▽

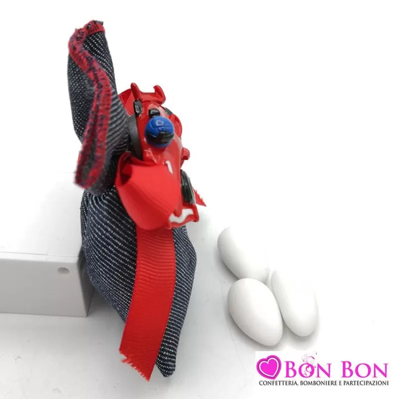 Sacchetto prima comunione tessuto jeans con magnete formula 1 rossa confezionato con 5 confetti a scelta.
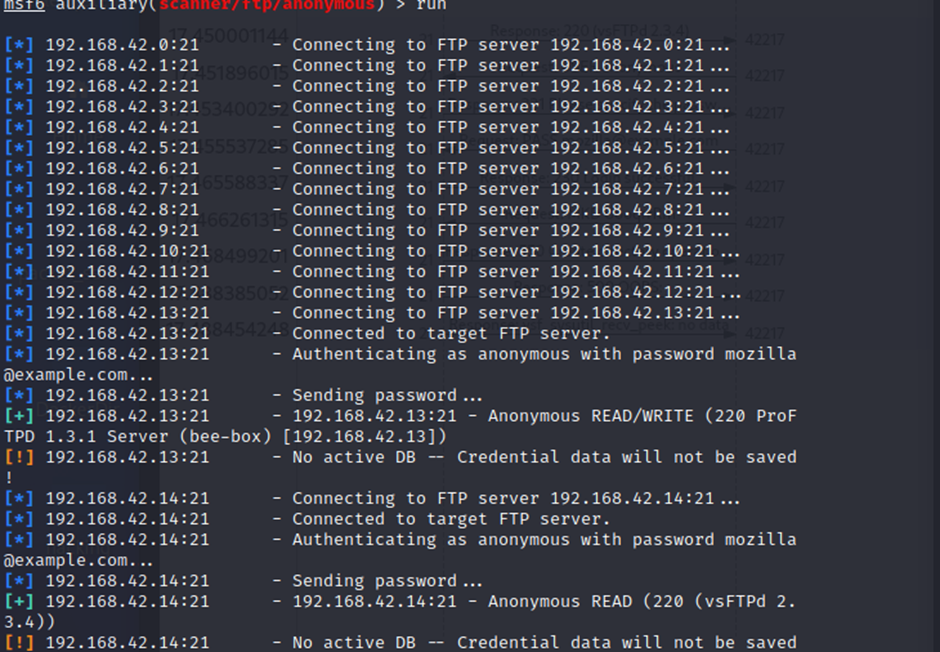 3. set RHOST 192.168.42.0/24 로 C클래스 대역대를 전체 스캔합니다.
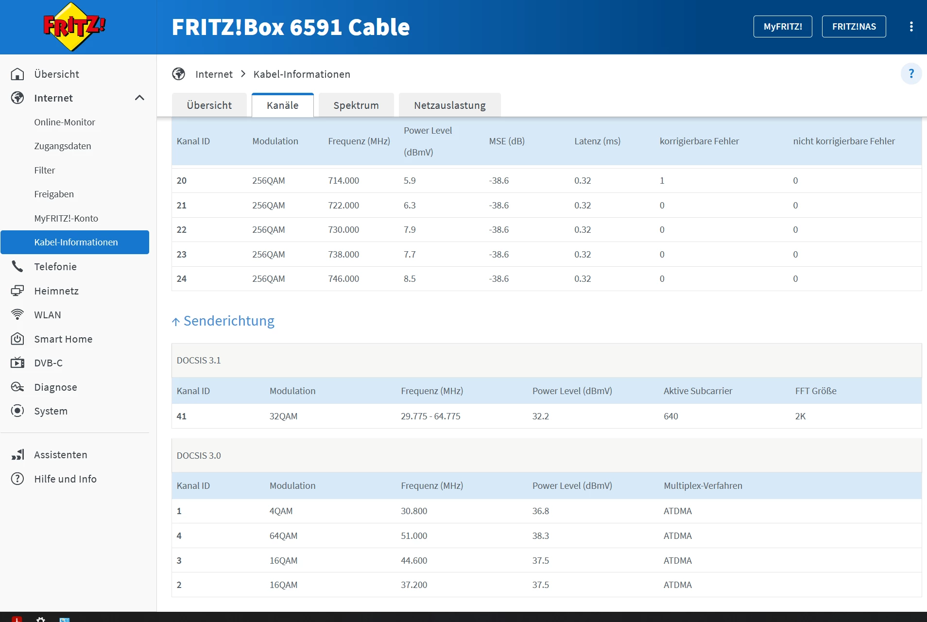 andere 6591 angeschlossen, selbe Werte. Verkabelung von Dose zum Router ist neu, Schwaiger 5 fach geschirmtes Koax Kabel ist neu, Verteiler inkl Dose keine zwei Jahre alt.
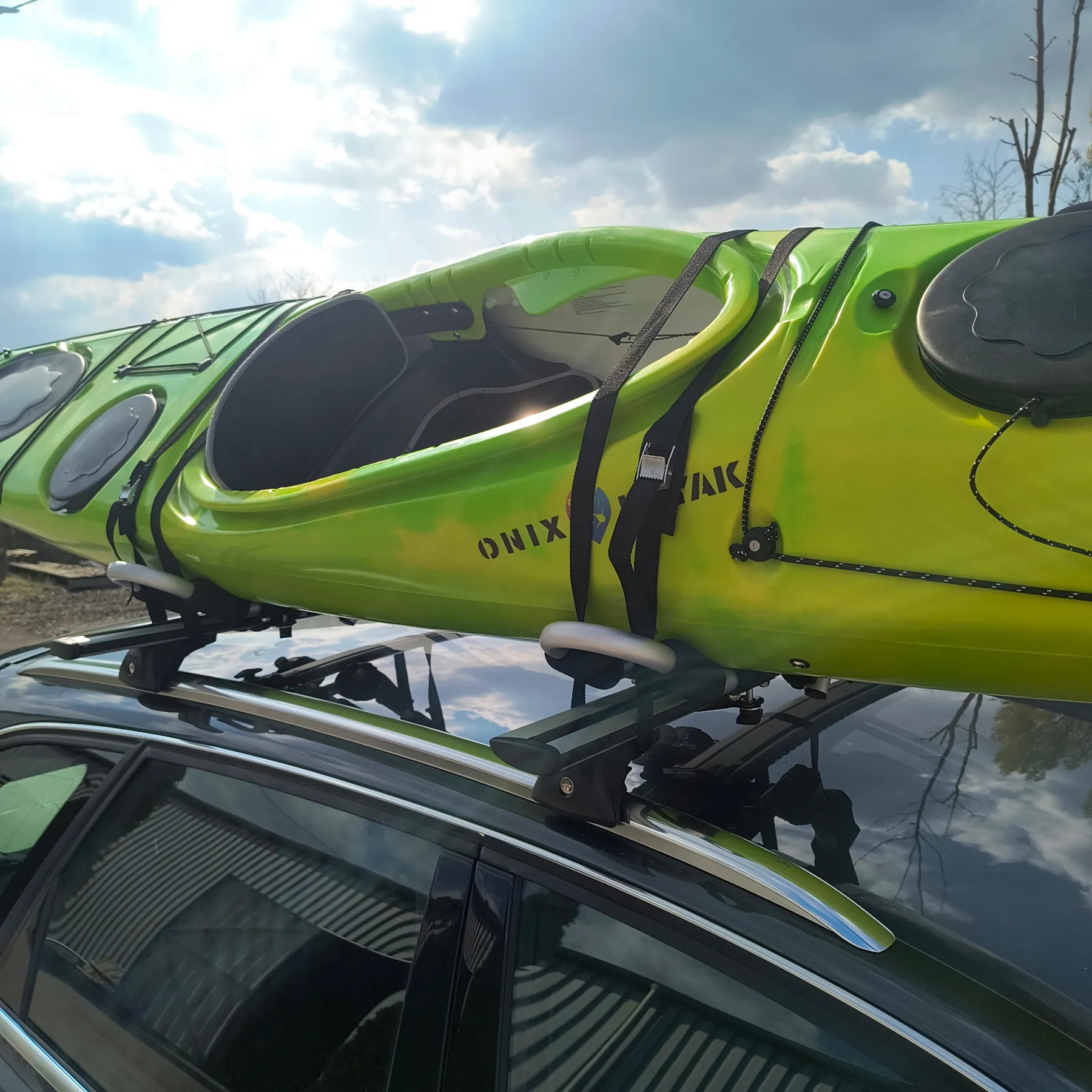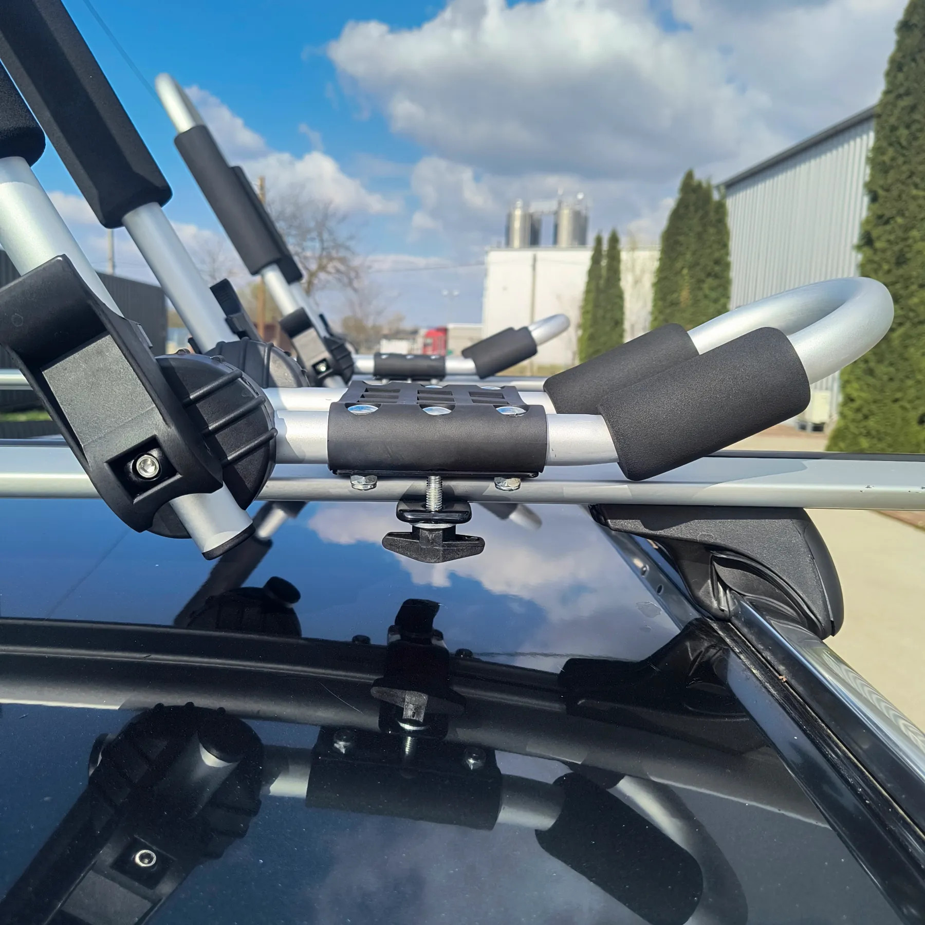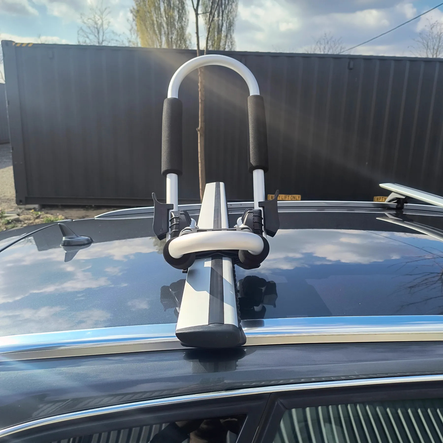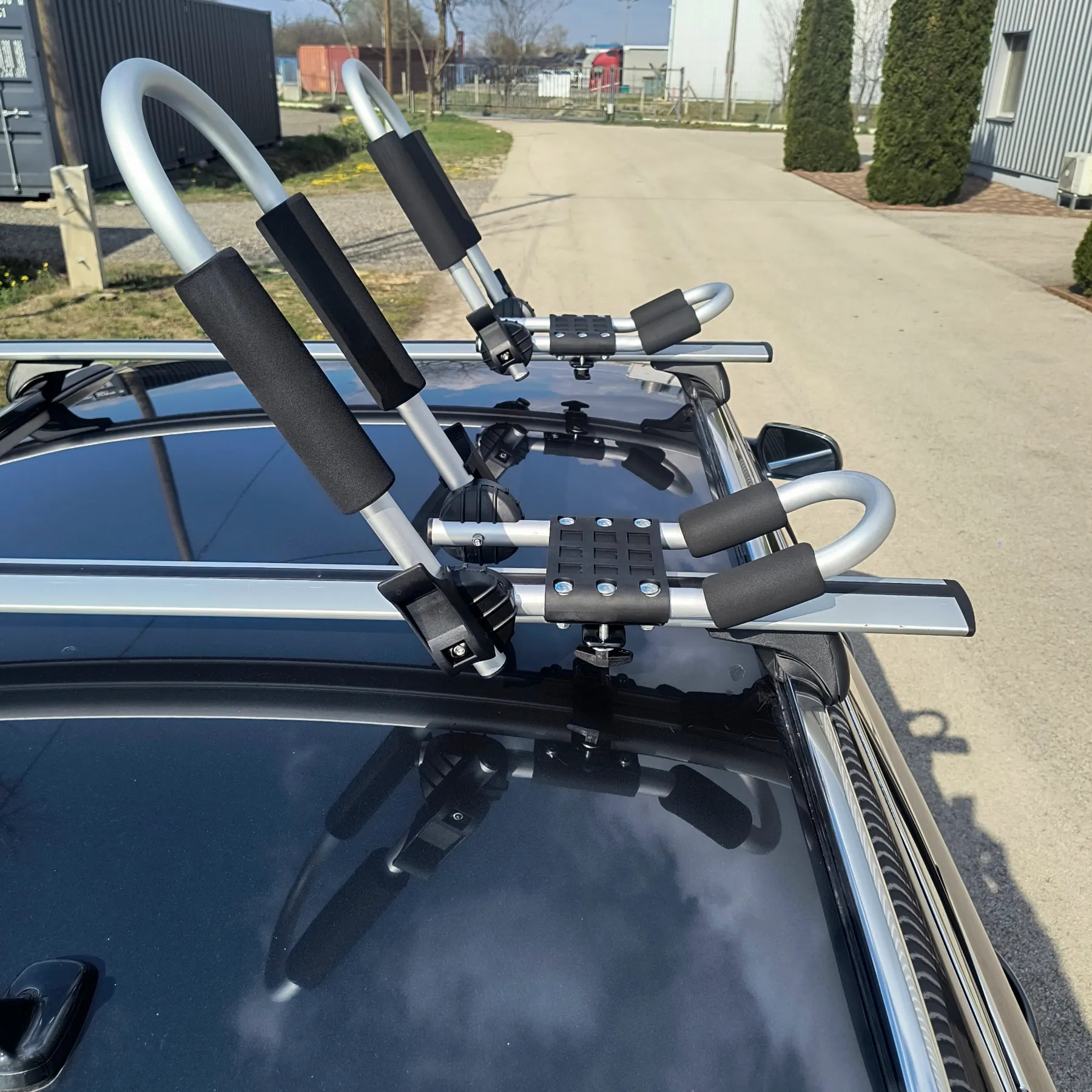 Tetőcsomagtartó keresztlécére szerelhető, állítható, J kialakítású kajaktartó, amely különböző formájú kajakokhoz is jól használható. A csomag rögzítő gurtnikat is tartalmaz, így a szükséges alap tartozékok együtt érkeznek.

△

Activity: Return exactly what appears from the opening line of the material through the line with "3. set RHOST", apart from the pictures.

Completed exercise:
 Sacchetto prima comunione tessuto jeans con magnete formula 1 rossa confezionato con 5 confetti a scelta.
 3. set RHOST 192.168.42.0/24 로 C클래스 대역대를 전체 스캔합니다.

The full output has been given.